So, I’m doing that Christmas savings thing where you put away a dollar amount each week based on what week of the year it is.
IOW week 1, you put away $1, week 2, $2, Week 3, $3, and so on to week 52.
What I’ve been doing though is, whenever I have a few extra bucks in my pocket, I’ll stick in the envelope. Or, if for example it’s week 3 and I have a $5 bill, I’ll just put the whole $5 and mark off week 3.
Then every once in a while I’ll count the money and verify what week I’m paid up to. (we’re in the 9th week of the year and I’ve saved through week 20 already )
I imagine there must be some formula for easily figuring out how much $ should have been saved by a certain week.
But, for the life of me, my 47 year-old brain can’t reach far enough back to my 8th grade algebra class to figure it out.
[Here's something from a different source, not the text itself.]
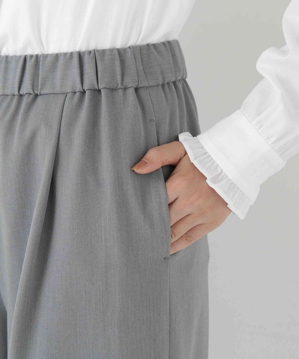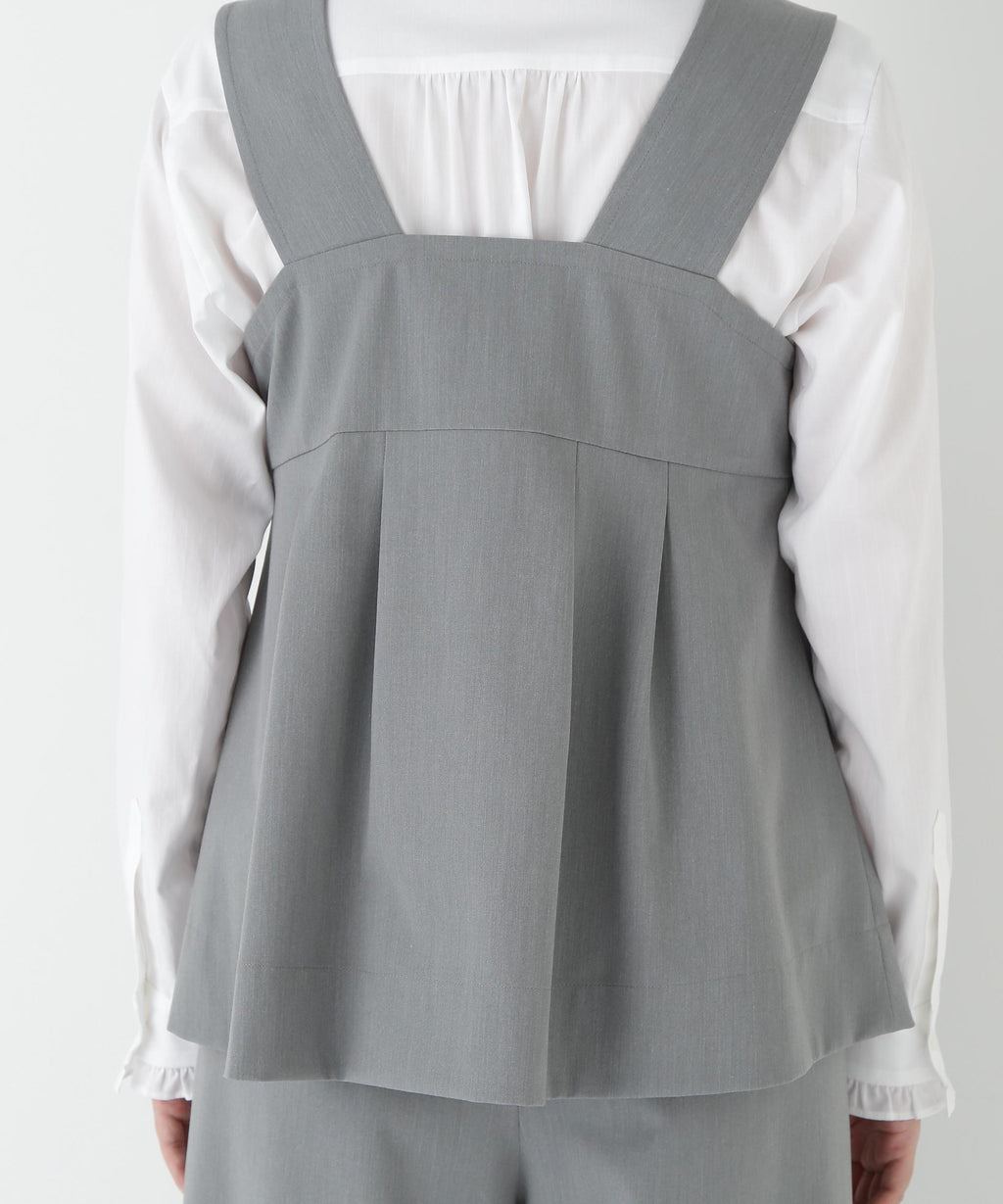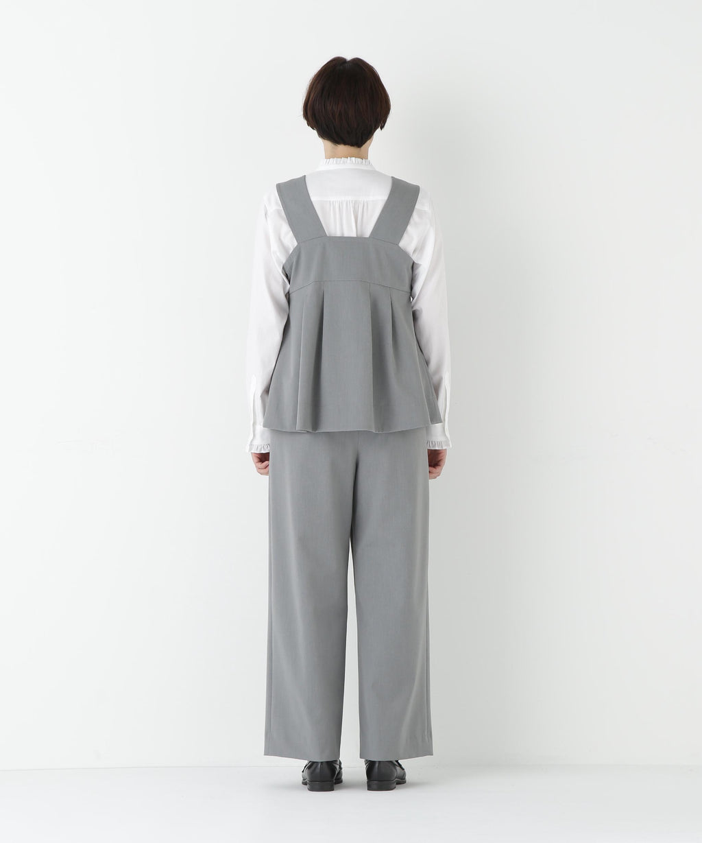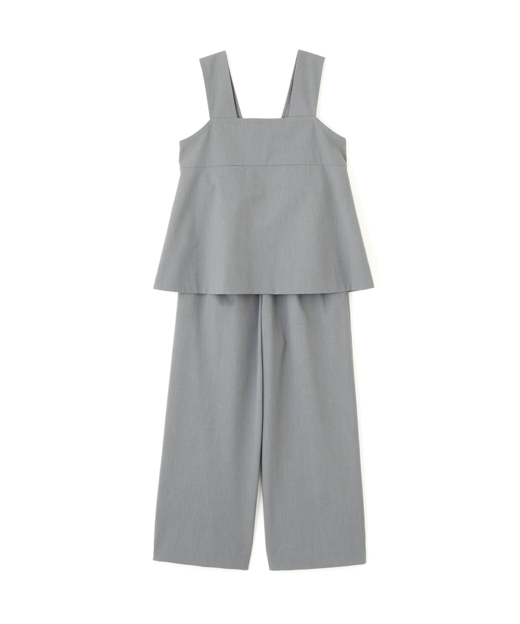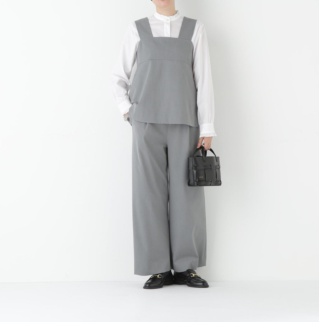 這款背心套裝適合全年穿著。較粗的肩帶和折皺喇叭的輪廓,以及掛在臀部的背心長度,讓您展現成熟的風格。同素材的褲子是鬆緊腰帶,既舒適又能展現美麗的輪廓,是優秀的褲款。

So, I’m stuck with getting out the calculator and punching in “1+2+3+4+5…” to find the answer.
(There’s a famous story that an old schoolmaster asked his misbehaving class to sum the numbers 1 + 2 + 3 + … + 100. The very young Carl Gauss produced the answer in a few seconds.)
Besides memorizing the formula, think of it like you’re filling up a triangle, like this:
**
Now what is the area of that five-row triangle? Notice that if you double it and put the two triangles together, you’d get a rectangle that is five by six.
ooooo
*oooo
**ooo
***oo
****o
And the area of a five by six rectangle is 30, so one five-row triangle is 15. It’s easy to generalize this, the sum of the first n integers is n times (n+1), all divided by 2.
As the story is told (at least as I heard it from my 4th grade teacher), this isn’t how Gauss did it.
Gauss’s thought process, as I heard it told, went like this: He noticed that 1+99=100. And 2+98=100. And 3+97=100. And . . . up to 49+51=100. So that’s a total of 49 hundreds. And the final number, 100 itself makes 50 hundreds. And the number 50 (not yet accounted) makes 5050.
That’s close to how I did it. I did 1 + 100 = 101. 2 + 99 = 101. Etc. That way I was able to multiply 101 X 50 = 5050. It was when I contemplated a series with an odd number of members (leaving one unpairable number in the center that I realized that I needed a universal formula, and came up with [x (× + 1)]/2.